Leon Rains (1870-1954). (1908)
- Profession: Bass, bass-baritone, vocal pedagogue
- Relation to Mahler: Worked with Gustav Mahler (1860-1911) in the Vienna State Opera
- Correspondence with Mahler:
- Born: 01-10-1870 New York
- Died: 11-06-1954 Los Angeles. Aged 83.
- Buried: 00-00-0000
Eleazer Leon Rains, also Léon Rains, was an American opera singer (bass), actor and vocal pedagogue.
He made his debut (1897) with the Damrosch-Ellis Opera Company. He spent eighteen years with the Dresden Royal Opera (and in other European houses) but because he was an American citizen he felt obliged to leave Germany at the outbreak of World War I. Although he was one of the finest basses in Germany, he appeared, sadly, with few accolades at the Metropolitan Opera in 1909.
As a child he sang as a choirboy in the choirs of the Calvary Church and the Church of the Incarnation in New York.
At the age of twelve he entered the stage for the first time, the New York Star Theater.
Rains studied at the National Conservatory in New York in 1890, which he left as a graduate student and was a student of Oscar Saenger. He then went to Paris for further training to Jacques Bouhy. First, he worked as a concert and Oratorienänger in America and then spent two years with the troupe of Frank Damrosch. There he worked as a serious bassist, who sang his parts Italian, German, French and English, always in the original text of the opera in question. At the time, US critics described him as the most promising bass singer since Karl Formes.
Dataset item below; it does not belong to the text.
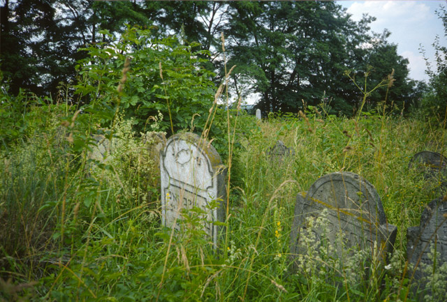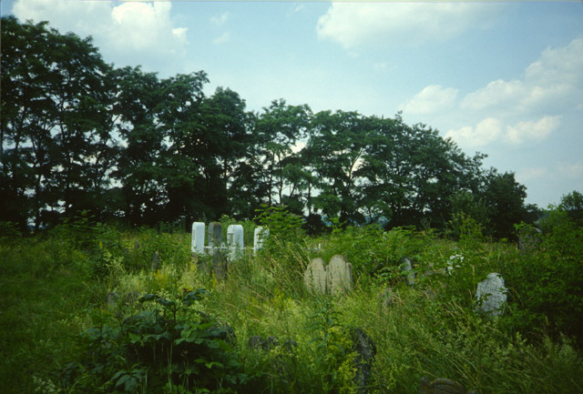The earliest known Jewish community was 1600. 1939 Jewish population (census) was 5000. Effecting the Jewish Community were Khmelnitsky pogroms 1648-9, Barsky Confederation pogrom 1768-72, pogroms during the 1918-21 Civil War, and 1941-44 Ghetto. According to legend, the "Tsadik Malka" is buried in the unlandmarked Hasidic cemetery. The isolated suburban agricultural hillside has no sign or marker. Reached by turning directly off a public road, access is open to all. A broken fence and non-locking gate surrounds the site. 101 to 500 common tombstones, about half in original location and between 25%-50% toppled or broken, date from 18th to 19th century. Location of any removed tombstones is unknown. The cemetery has special sections for men, women and Cohanim. The cemetery contains no known mass graves. The municipality owns the property used for Jewish cemetery and waste dumping. Adjacent properties are agricultural and residential. The cemetery boundaries are smaller now than 1939 because of housing development and agriculture. Rarely, local residents visit. The cemetery was vandalized during World War II and frequently in the last ten years. There is no maintenance. Within the limits of the cemetery are no structures. Overgrowth or trees covers almost entire area of the cemetery. Vegetation overgrowth is a constant problem, disturbing stones. Buildings constantly encroach and encircle the cemetery. Water drainage at the cemetery is a seasonal problem. Very serious threat: uncontrolled access and vegetation Serious threat: vandalism. Moderate threat: weather erosion, pollution, existing nearby development and proposed nearby development.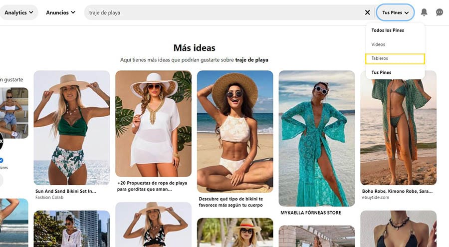 Para encontrar tableros populares de tu nicho, comienza por escribir palabras clave relevantes en la barra de búsqueda. Para reducir tu búsqueda, usa el menú desplegable a la derecha.

On June 4, 1899, he debuted as “Tannhäuser” in Dresden and remained there until 1917. With the entry of the US war in the First World War, he was forced to leave Germany for the United States. From 1917 to 1918 he worked in several silent films as an actor, u. a. featured in four films as Detective Joe Jenkins, these films were all produced in Denmark, so it seems he had returned to his homeland via this country. Back in his homeland, he worked only as a concert singer. From 1924 he worked in Los Angeles as a singing teacher. He also worked as an art and cabinet maker.
In Dresden, he participated in several world premieres and guested in Berlin, Vienna, Prague, Frankfurt am Main etc. In 1909 he was a guest at the Metropolitan Opera in New York, where he u. a. played the “Méphistophélès” in Gounod’s Faust. sang. In 1904 he was at the Bayreuth Festival of “Hagen” in the Götterdämmerung.
His voice was a particularly beautiful bass, especially at higher altitudes: “The phrasing and nuancing of the lecture are mostly appreciated. No less is his timbre praised, as well as the metallic sound and the balance of his voice in the individual registers.”